■ Work order: Could you retype the lines below, starting at the line holding "Game Disk #28" and stopping at the line holding "Москва. 13 сентября.", inclusive? Copy them exactly and drop the images.

■ Source records:
--- START ---
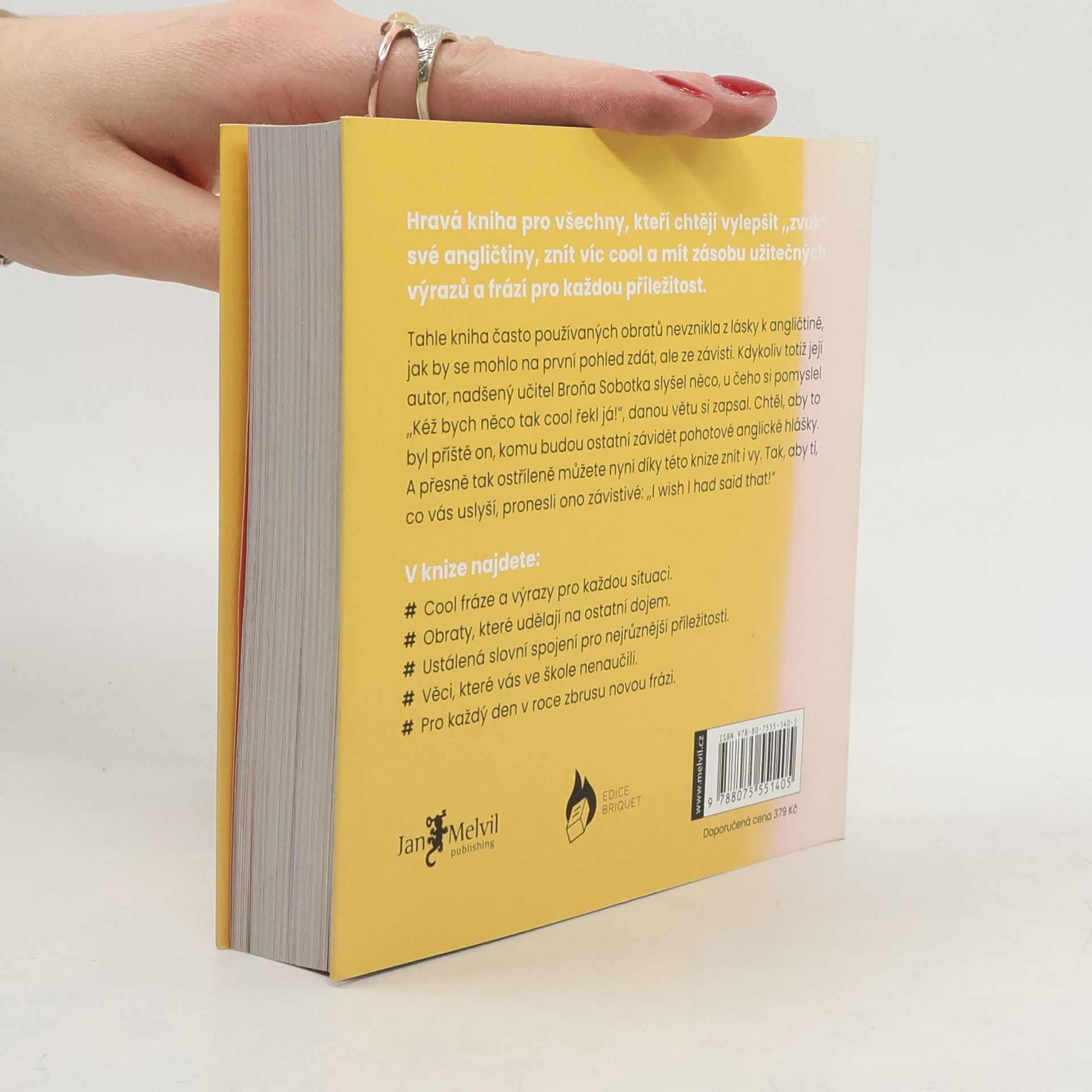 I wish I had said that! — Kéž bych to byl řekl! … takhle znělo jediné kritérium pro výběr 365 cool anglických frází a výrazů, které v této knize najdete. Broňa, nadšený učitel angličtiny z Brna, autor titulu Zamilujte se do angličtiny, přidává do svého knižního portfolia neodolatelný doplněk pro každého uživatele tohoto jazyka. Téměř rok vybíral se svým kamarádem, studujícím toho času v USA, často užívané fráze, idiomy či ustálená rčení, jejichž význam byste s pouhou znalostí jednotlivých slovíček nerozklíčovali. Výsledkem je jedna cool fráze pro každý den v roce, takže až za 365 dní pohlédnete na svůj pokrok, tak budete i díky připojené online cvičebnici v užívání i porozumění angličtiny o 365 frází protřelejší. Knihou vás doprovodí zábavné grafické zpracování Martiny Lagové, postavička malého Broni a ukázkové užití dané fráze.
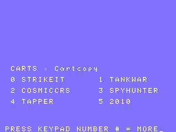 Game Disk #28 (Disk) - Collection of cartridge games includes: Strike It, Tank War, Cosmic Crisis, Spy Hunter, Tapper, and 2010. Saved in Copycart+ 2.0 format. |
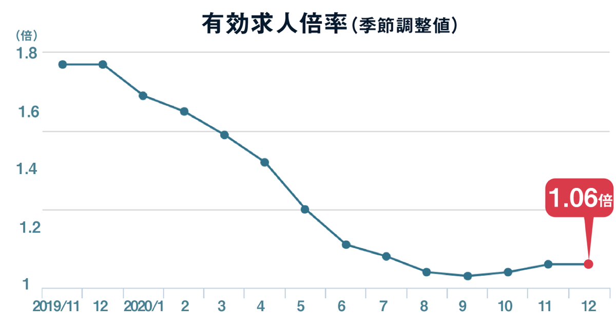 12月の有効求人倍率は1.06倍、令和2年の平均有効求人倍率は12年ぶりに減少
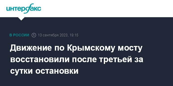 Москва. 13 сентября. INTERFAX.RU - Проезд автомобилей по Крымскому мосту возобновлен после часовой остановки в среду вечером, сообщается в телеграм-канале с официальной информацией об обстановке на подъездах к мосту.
--- END ---
--- START ---
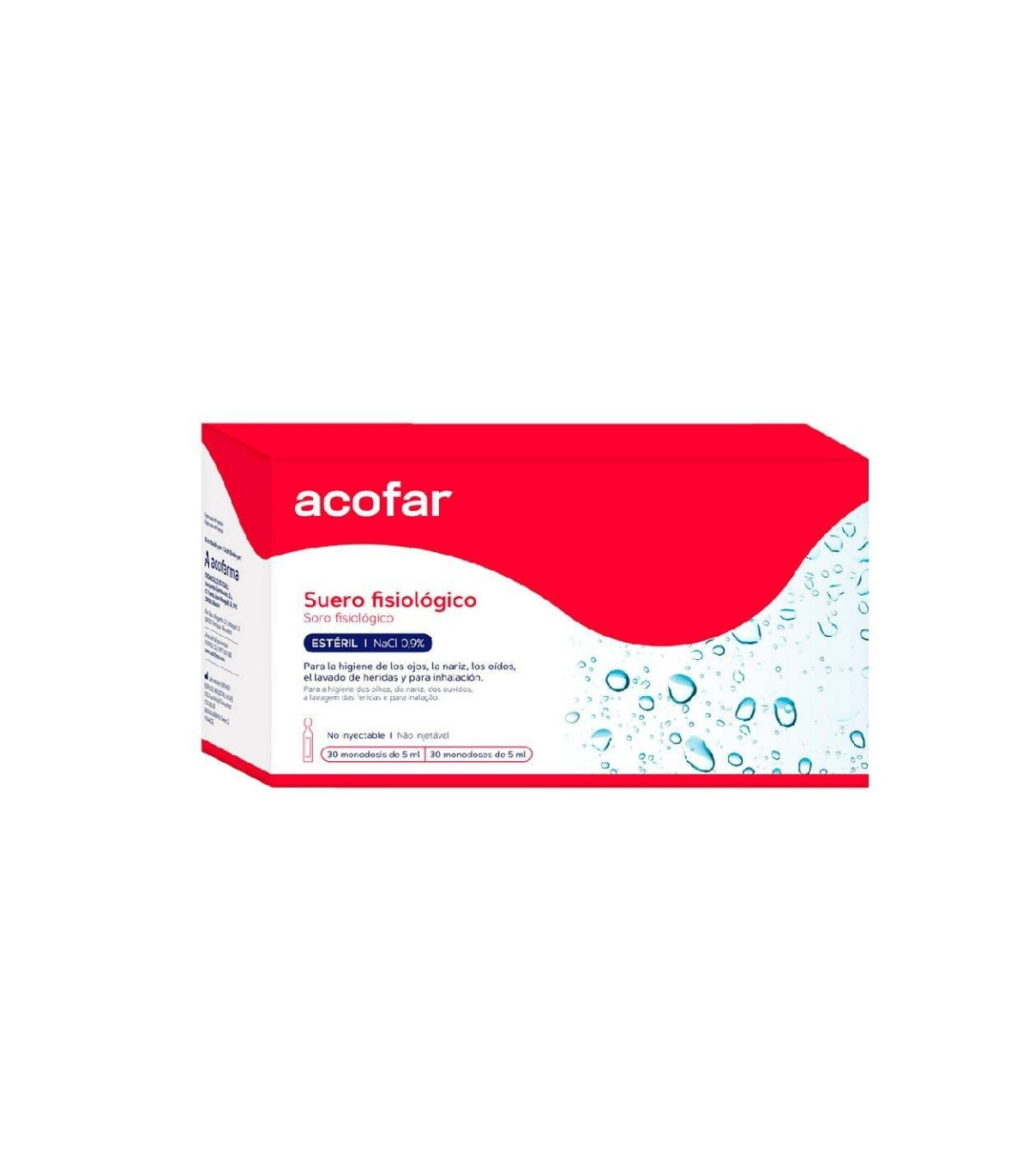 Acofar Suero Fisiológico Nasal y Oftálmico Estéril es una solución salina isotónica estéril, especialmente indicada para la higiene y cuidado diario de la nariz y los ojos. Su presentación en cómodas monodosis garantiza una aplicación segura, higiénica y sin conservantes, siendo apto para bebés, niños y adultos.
--- END ---
■ Answer space:
 Game Disk #28 (Disk) - Collection of cartridge games includes: Strike It, Tank War, Cosmic Crisis, Spy Hunter, Tapper, and 2010. Saved in Copycart+ 2.0 format. |
 12月の有効求人倍率は1.06倍、令和2年の平均有効求人倍率は12年ぶりに減少
 Москва. 13 сентября. INTERFAX.RU - Проезд автомобилей по Крымскому мосту возобновлен после часовой остановки в среду вечером, сообщается в телеграм-канале с официальной информацией об обстановке на подъездах к мосту.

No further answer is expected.